====== Data shown
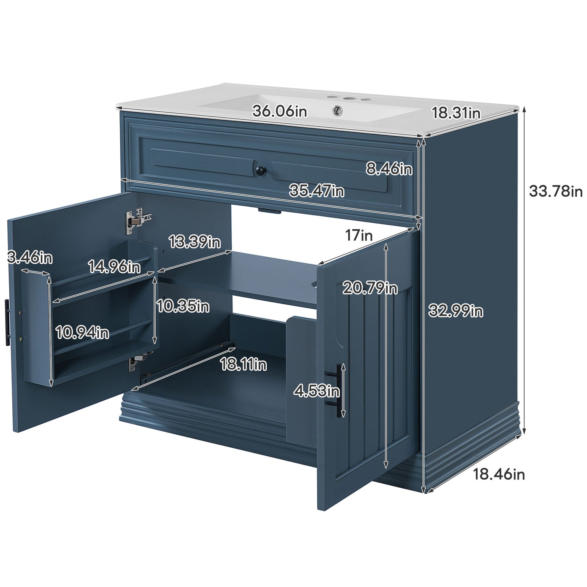 36" Bathroom Vanity With Sink, Cabinet With 2 Soft Closing Doors - Blue
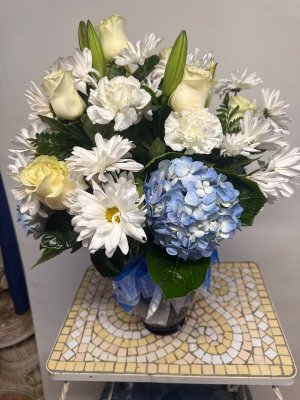 Flowers were very pretty. My son really liked them. The photo you sent really helped since I did not get to see them in person. It was made and delivered in just a couple hours. I was really surprised. Thank you for an exceptional job!!
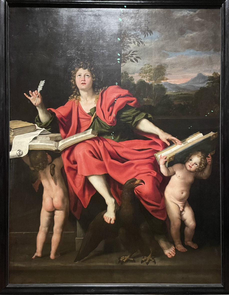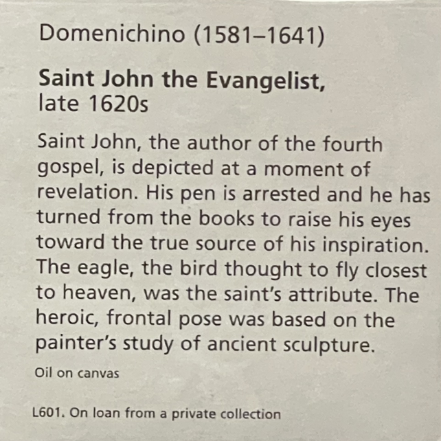 신적, 영적 순간을 묘사한 Domenichino(도메니키노)의 이 작품은 요한복음의 저자 성 요한이 신의 계시를 받는 장면을 그리고 있다. 설명문에 따르면 독수리는 성 요한을 상징하는 동물로, 당시 사람들은 독수리가 하늘과 가장 가까이 나는 새라고 생각했고, 이러한 독수리를 하늘에서 계시를 받는 성 요한에 비유했다고 한다. 또한, 그림 속 성 요한의 인체 비율이나 자세로 미루어 보아 도메니키노는 고대 그리스 로마 예술에서 인체의 이상적인 비례 및 자세를 학습하였을 것으로 추정된다고 한다.
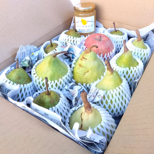 洋梨(ル・レクチェ加工用&生食用、ウィンターネリス加工用・生食可)、ふじ小玉が入ります。ラフランスジャム1個も入ります
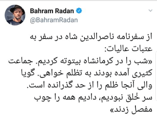 بهرام رادان، بازیگر محبوب سینما با نوشتن حکایتی از سفرنامه ناصرالدین شاه به بحران بی آبی خرمشهر واکنش نشان داد. او نوشت:
============
# Your task
Your task is to return every entry exactly as it was written, with the pictures removed.

# Worked solution
 36" Bathroom Vanity With Sink, Cabinet With 2 Soft Closing Doors - Blue
 Flowers were very pretty. My son really liked them. The photo you sent really helped since I did not get to see them in person. It was made and delivered in just a couple hours. I was really surprised. Thank you for an exceptional job!!
 신적, 영적 순간을 묘사한 Domenichino(도메니키노)의 이 작품은 요한복음의 저자 성 요한이 신의 계시를 받는 장면을 그리고 있다. 설명문에 따르면 독수리는 성 요한을 상징하는 동물로, 당시 사람들은 독수리가 하늘과 가장 가까이 나는 새라고 생각했고, 이러한 독수리를 하늘에서 계시를 받는 성 요한에 비유했다고 한다. 또한, 그림 속 성 요한의 인체 비율이나 자세로 미루어 보아 도메니키노는 고대 그리스 로마 예술에서 인체의 이상적인 비례 및 자세를 학습하였을 것으로 추정된다고 한다.
 洋梨(ル・レクチェ加工用&生食用、ウィンターネリス加工用・生食可)、ふじ小玉が入ります。ラフランスジャム1個も入ります
 بهرام رادان، بازیگر محبوب سینما با نوشتن حکایتی از سفرنامه ناصرالدین شاه به بحران بی آبی خرمشهر واکنش نشان داد. او نوشت:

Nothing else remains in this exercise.